Covalent, irreversible BTK inhibitors bind to the Cys481 residue (cysteine at position 481 of BTK) and block the adenosine triphosphate (ATP) binding pocket, thereby blocking BTK catalytic activity and preventing B-cell receptor signal transduction [32, 33] (Figure I).

Figure I

Schematic diagram of the role of Bruton’s tyrosine kinase in the B-cell signaling. The engagement and aggregation of the B-cell receptor leads to a cascade of changes. This generates a signaling complex consisting of Syk and Lyn. All of this ultimately allows the activation of BTK. Evobrutinib, orelabrutinib, tolebrutinib, and remibrutinib are irreversible BTKi that deactivate BTK by binding to Cys481. Fenebrutinib is a reversible BTKi that deactivates BTK independently of Cys481. Abbreviations: BTK – Bruton’s tyrosine kinase, LYN – Lck/Yes kinase, SYK – spleen tyrosine kinase, Cys481 – cysteine at position 481 of the BTK

/f/fulltexts/PPN/50480/PPN-32-50480-g001_min.jpg

There are several advantages of irreversible, covalent BTKi. Compared to reversible inhibitors, they can potentially demonstrate persistent effects and achieve the full and continuous activity of BTK in target cells, which is necessary for clinical efficacy [30, 31].

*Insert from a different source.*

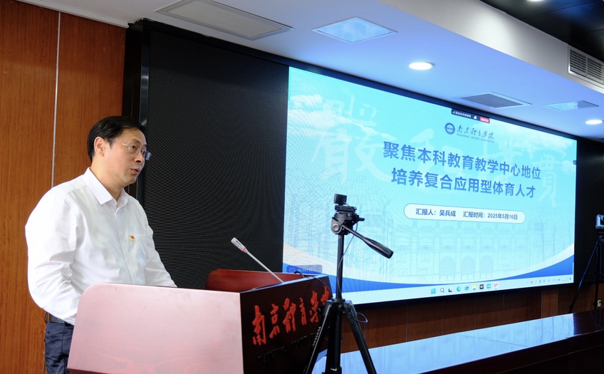 吴兵成以《聚焦本科教育教学中心地位 培养复合应用型体育人才》为题,从学校办学历史、基本情况、办学特色和自评自建情况与成效四个方面作了补充汇报。他表示,本科教育教学审核评估意义重大,它是对学校教育教学质量的一次全面体检,不仅关系到学校的声誉和发展,更关乎每一位学生的成长与未来。学校将深刻领会“以评促建、以评促改、以评促管、评建结合、重在建设”的方针,将评估作为推动学校内涵式发展的重要契机,以坚定的决心和积极的行动,按照专家组的工作部署全力以赴做好各项工作,认真听取专家意见,全面整改存在问题,推动我校本科教育教学工作再上新台阶,努力为教育强国、体育强国、健康中国建设和中国式现代化江苏新实践作出新的更大贡献。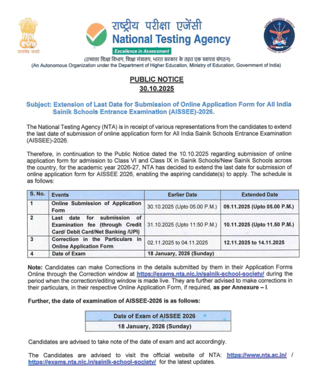 अगर आप सोच रहे हैं कि AISSEE 2026 के लिए आवेदन की आखिरी तारीख क्या है, तो जवाब है – अब आपके पास थोड़ा और समय है! राष्ट्रीय परीक्षण एजेंसी (NTA) ने ऑल इंडिया सैनिक स्कूल्स प्रवेश परीक्षा (AISSEE) 2026 के लिए आवेदन की अंतिम तिथि बढ़ा दी है। अब उम्मीदवार 9 नवंबर 2025 तक आवेदन कर सकते हैं। साथ ही, Correction Window 12 से 14 नवंबर 2025 तक खुली रहेगी। उम्मीदवार कक्षा 6 और कक्षा 9 में प्रवेश के लिए आधिकारिक वेबसाइट exams.nta.nic.in/sainik-school-society पर ऑनलाइन पंजीकरण कर सकते हैं। गौरतलब है कि इस वर्ष NTA ने AISSEE 2026 के लिए तीन नए सैनिक स्कूलों को भी शामिल किया है।

Despite the fact that this type of drug has proven itself to be highly effective in the treatment of many diseases, in oncologic indications the problem of acquired resistance to covalent inhibitors has already arisen. Therefore, non-covalent BTKi have been developed to improve the long-term safety of BTKi and pharmacological properties of covalent BTKi, which at the same time are an excellent alternative to solving the problem of acquired resistance, because they do not interact with Cys481, while being extremely selective for BTKi [34, 35].

An advantage of reversible, non-covalent inhibitors is that non-covalent binding is reversible and should have no detrimental effect on the overall effectiveness of the drug, though at the same time the reversible mechanism of inhibition may result in decreased off-target effects that can occur with irreversible covalent inhibitors. Thus, the toxicity and risks associated with the long-term use of a reversible inhibitor may be less than with a covalent inhibitor, which can irreversibly modify off-target proteins [30, 31].

Kinase inhibitors are divided into 5 subtypes, but there are only 4 main ones based on the binding pocket known as the DFG motif (for the amino acid sequence Asp-Phe-Gly) [36, 37]:

  • Type I: bind competitively to the ATP binding site of active tyrosine kinase.

  • Type II: bind to inactive kinases in the ATP binding site, and, due to the outward rotation of the DFG motif, regions adjacent to the ATP binding site that would otherwise be inaccessible may be involved.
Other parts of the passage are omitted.